For comparison, x = ++x:

   8:   iinc    1, 1    // Increment x
   11:  iload_1         // Push value of x onto stack
   12:  istore_1        // Pop value from the stack to x

Answer 24

From http://download.oracle.com/javase/tutorial/java/nutsandbolts/op1.html

The increment/decrement operators can be applied before (prefix) or after (postfix) the operand. The code result++; and ++result; will both end in result being incremented by one. The only difference is that the prefix version (++result) evaluates to the incremented value, whereas the postfix version (result++) evaluates to the original value. If you are just performing a simple increment/decrement, it doesn't really matter which version you choose. But if you use this operator in part of a larger expression, the one that you choose may make a significant difference.
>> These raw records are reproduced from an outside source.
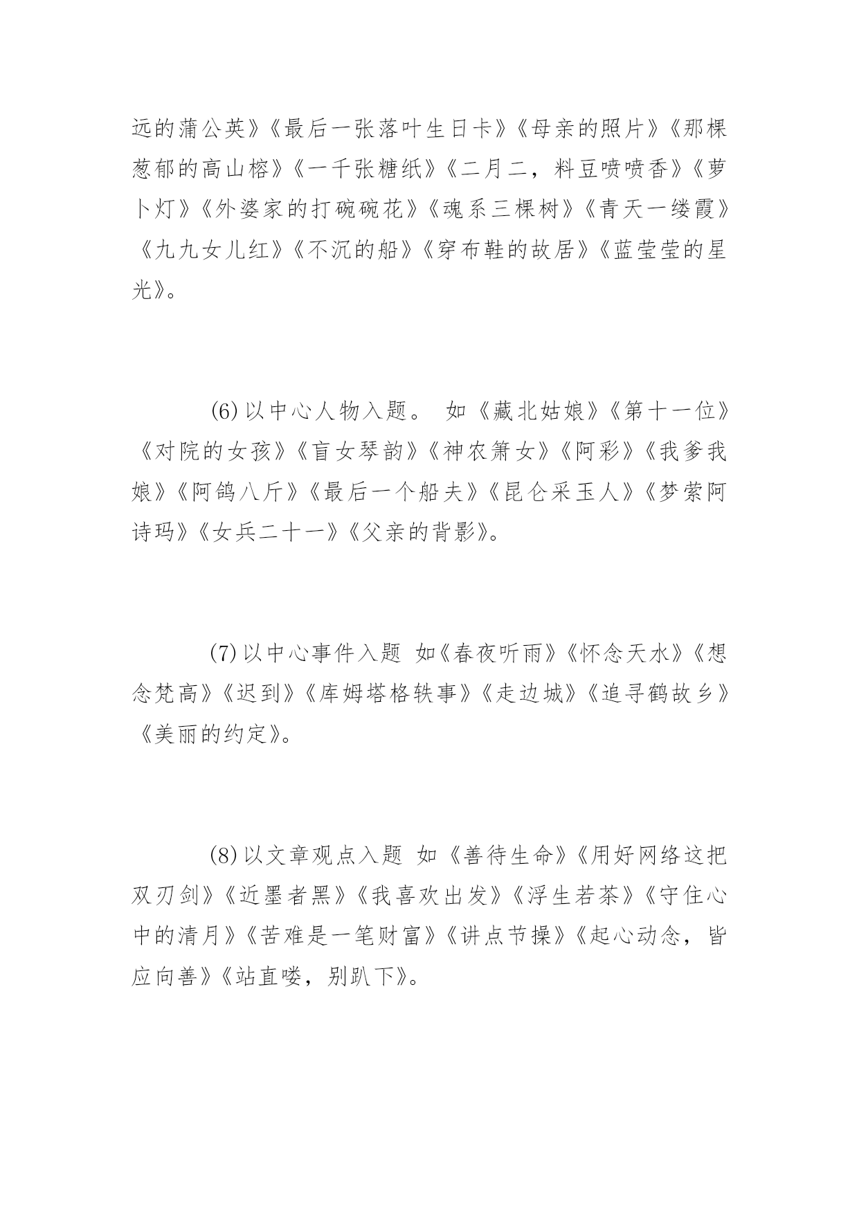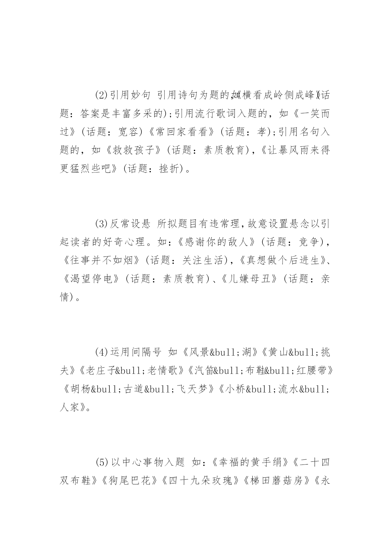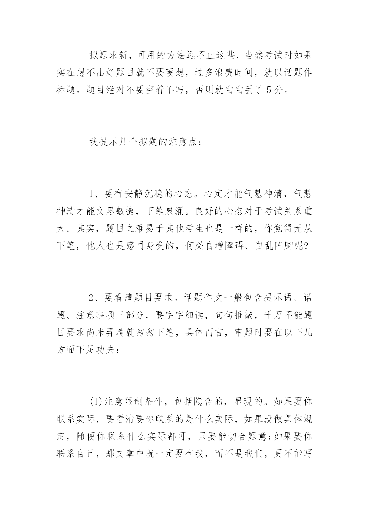 中考话题作文拟题目技巧2017中考话题作文拟题目技巧俗话说标题是文章的眼睛,题好一半文。你的作文如果能取个好题目,自然会让阅卷老师对你刮目相看。好标题一般要符合两个标准:生动形象,富有文学意味;言简意赅,能包孕文章主题。该怎样拟好题目呢?下列方法可供参考:(1)运用修辞如以比喻入题的,《送老人一轮暖阳》(话题:孝);以夸张入题的,《那个障碍粉碎了我》(话题:挫折);以反问入题的,《我是谁?》(话题:假如记忆可以移植);以设问入题的,《我从日本邮局取回了什么?》(话题:效率);以对偶入题的,《一头白发,满山青葱》(话题:环保),《高高山顶立,深深海底行》(话题:人生感悟);以拟人入题的,如《地球就诊记》(话题:环保);以呼告入题的,《回来吧,妈妈!》(话题:亲情);利用谐音《从心做起》(话题:亲情);利用双关,《冬日暖阳》《花落春仍在》(话题:温情)(2)引用妙句引用诗句为题的,如《横看成岭侧成峰》(话题:答案是丰富多采的);引用流行歌词入题的,如《一笑而过》(话题:宽容)《常回家看看》(话题:孝);引用名句入题的,如《救救孩子》(话题:素质教育),《让暴风雨来得更猛烈些吧》(话题:挫折)。(3)反常设悬所拟题目有违常理,故意设置悬念以引起读者的好奇心理。如:《感谢你的敌人》(话题:竞争),《往事并不如烟》(话题:关注生活),《真想做个后进生》、《渴望停电》(话题:素质教育)、《儿嫌母丑》(话题:亲情)。(4)运用间隔号如《风景•湖》《黄山•挑夫》《老庄子•老情歌》《汽笛•布鞋•红腰带》《胡杨•古道•飞天梦》《小桥•流水•人家》。(5)以中心事物入题如:《幸福的黄手绢》《二十四双布鞋》《狗尾巴花》《四十九朵玫瑰》《梯田蘑菇房》《永远的蒲公英》《最后一张落叶生日卡》《母亲的照片》《那棵葱郁的高山榕》《一千张糖纸》《二月二,料豆喷喷香》《萝卜灯》《外婆家的打碗碗花》《魂系三棵树》《青天一缕霞》《九九女儿红》《不沉的船》《穿布鞋的故居》《蓝莹莹的星光》。(6)以中心人物入题。如《藏北姑娘》《第十一位》《对院的女孩》《盲女琴韵》《神农箫女》《阿彩》《我爹我娘》《阿鸽八斤》《最后一个船夫》《昆仑采玉人》《梦萦阿诗玛》《女兵二十一》《父亲的背影》。(7)以中心事件入题如《春夜听雨》《怀念天水》《想念梵高》《迟到》《库姆塔格轶事》《走边城》《追寻鹤故乡》《美丽的约定》。(8)以文章观点入题如《善待生命》《用好网络这把双刃剑》《近墨者黑》《我喜欢出发》《浮生若茶》《守住心中的清月》《苦难是一笔财富》《讲点节操》《起心动念,皆应向善》《站直喽,别趴下》。拟题求新,可用的方法远不止这些,当然考试时如果实在想不出好题目就不要硬想,过多浪费时间,就以话题作标题。题目绝对不要空着不写,否则就白白丢了5分。我提示几个拟题的注意点:1、要有安静沉稳的心态。心定才能气慧神清,气慧神清才能文思敏捷,下笔泉涌。良好的心态对于考试关系重大。其实,题目之难易于其他考生也是一样的,你觉得无从下笔,他人也是感同身受的,何必自增障碍、自乱阵脚呢?2、要看清题目要求。话题作文一般包含提示语、话题、注意事项三部分,要字字细读,句句推敲,千万不能题目要求尚未弄清就匆匆下笔,具体而言,审题时要在以下几方面下足功夫:(1)注意限制条件,包括隐含的,显现的。如果要你联系实际,要看清要你联系的是什么实际,如果没做具体规定,随便你联系什么实际都可,只要能切合题意;如果要你联系自己,那文章中就一定要有我,而不是我们,更不能写他人。还要读出隐含于材料中的命题者的意图。如2010年中考作文题的话题材料是一个寓言故事。故事中的青年在人生路上必须有所取舍时,将诚信抛掉了。对于人生来说,诚信不仅是一种美德,更是做人的根本,怎么可以抛弃呢?尽管这个故事并没有结论,但其中蕴含的道理是很清楚的:诚信不可抛。要按这个道理立意,这是命题者通过话题材料给予考生的提示。当年有少数考生写诚信可抛,究其原因,若非有意反弹琵琶,标新立异,就是未看出材料中隐含的观点。(2)吃准材料,抓住关键问题思考立意。比如下面这个题目:随着交通、通讯越来越发达,随着网络的出现,世界似乎正变得越来越小;而随着对宇宙的探索和研究越来越深入,越来越多的人意识到地球不过是人类居住的一个小小的村落。于是,一个新名词地球村出现了。地球村,多么形象的称呼。对此,你有什么联想、想象或见解呢?请以地球村为话题写一篇作文。写这篇文章容易犯的毛病就是重复话题材料已经说明的意思,反复论说地球变小了,变成村落了。这样就偏离了写作重心。这个题目实际上是要求以地球已经是个村为前提,来写你的联想、想象和见解。明白了这一点,思路就不难打开,文章也
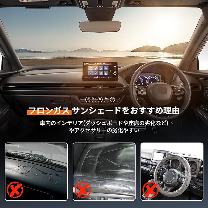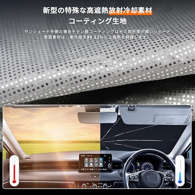 【猛暑対策・内装保護】この製品は太陽光を通さない高密度の生地を使用して紫外線を99.22%以上カットします。駐車中の車内を涼しく保ち、暑さを防げます。長時間の日焼けによる、内装劣化・色あせ・ひび割れなどを防ぐことができます。
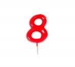 Vela roja número 8, con palillo de madera para clavarla en la tarta.
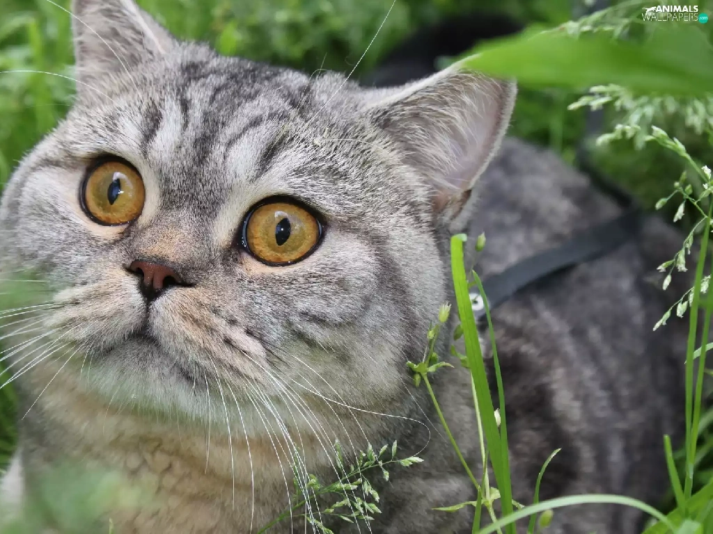 cat, Eyes, grass, Big
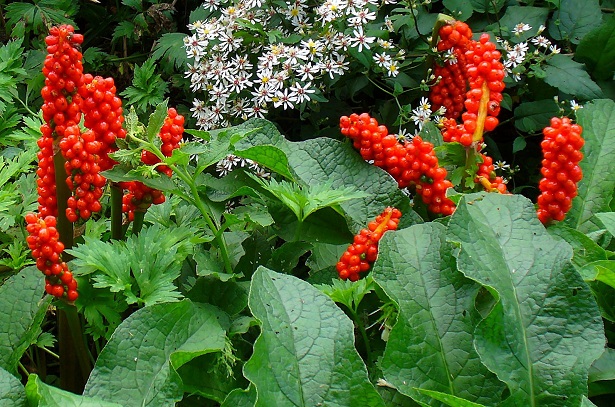 Abbiamo parlato dei fiori ma anche le foglie meritano due parole e con esse anche i frutti. Alta non oltre 80 cm la Calla selvatica è composta da una sorta di colonna centrale da cui spunta il fiore e che è accerchiata dalle foglie, di un colore verde intenso molto interessante per le sue venature biancastre e la lucida superficie. Il frutto della Calla selvatica è una bacca, ne produce tante assieme che si raggruppano in pannocchie e saltano all’occhio per il rosso intenso quando sono mature.
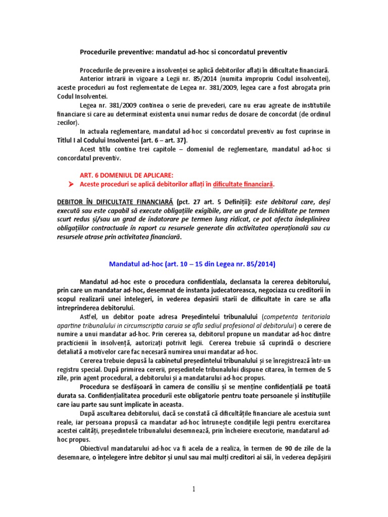 In actuala reglementare, mandatul ad-hoc si concordatul preventiv au fost cuprinse in
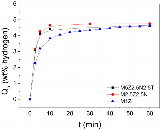 order by M5Z2.5N2.5T and M1Z. M2.5Z2.5N absorbs 3.13, 4.75, and 4.96 wt% hydrogen
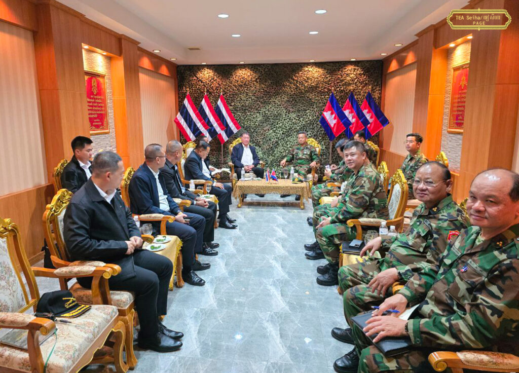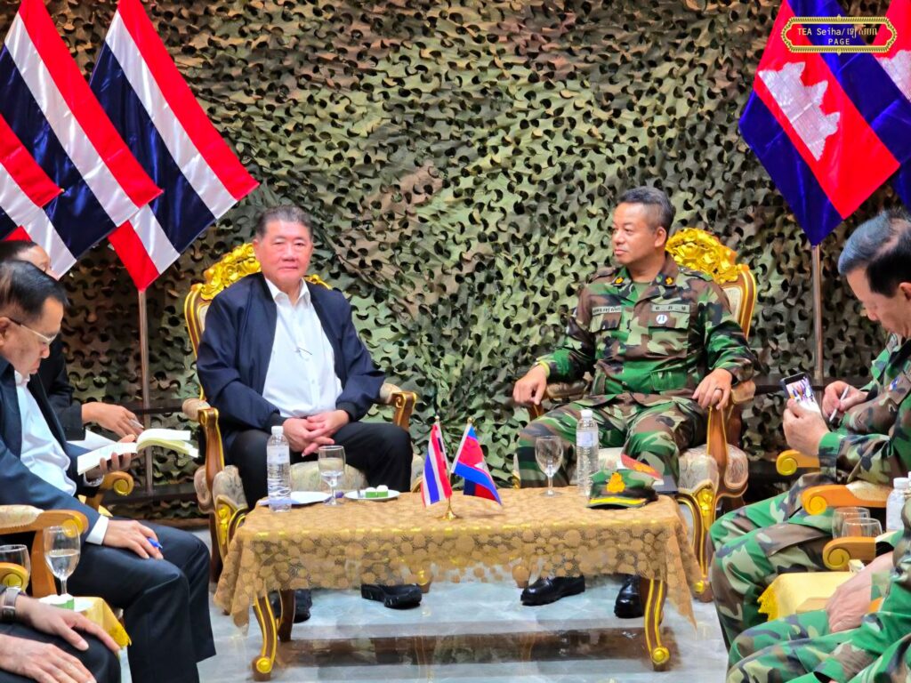 នៅរសៀលថ្ងៃទី៥ ខែមិថុនា ឆ្នាំ២០២៥ ឯកឧត្តម នាយឧត្តមសេនីយ៍ ទៀ សីហា ឧបនាយករដ្ឋមន្ត្រី រដ្ឋមន្ត្រីក្រសួងការពារជាតិ បានជួបពិភាក្សាជាមួយឯកឧត្តម Phumtham Wechayachai ឧបនាយករដ្ឋមន្ត្រី រដ្ឋមន្ត្រីក្រសួងការពារជាតិថៃ អំពីភាពតានតឹងតាមព្រំដែន ដែលបានប្រព្រឹត្តទៅនៅស្រុកអារញ្ញប្រថេត ខេត្តស្រះកែវ ព្រះរាជាណាចក្រថៃ។

To illustrate, try the following:

    int x = 0;
    int y = 0;
    y = x++;
    System.out.println(x);
    System.out.println(y);

Which will print 1 and 0.

Answer 25

This works how you expect the other one to. It's the difference between prefix and postfix.

int x = 0; 
while (x < 3)    x = (++x);

Answer 26

The value stays at 0 because the value of x++ is 0. In this case it doesn't matter if the value of x is increased or not, the assignment x=0 is executed. This will overwrite the temporary incremented value of x (which was 1 for a "very short time").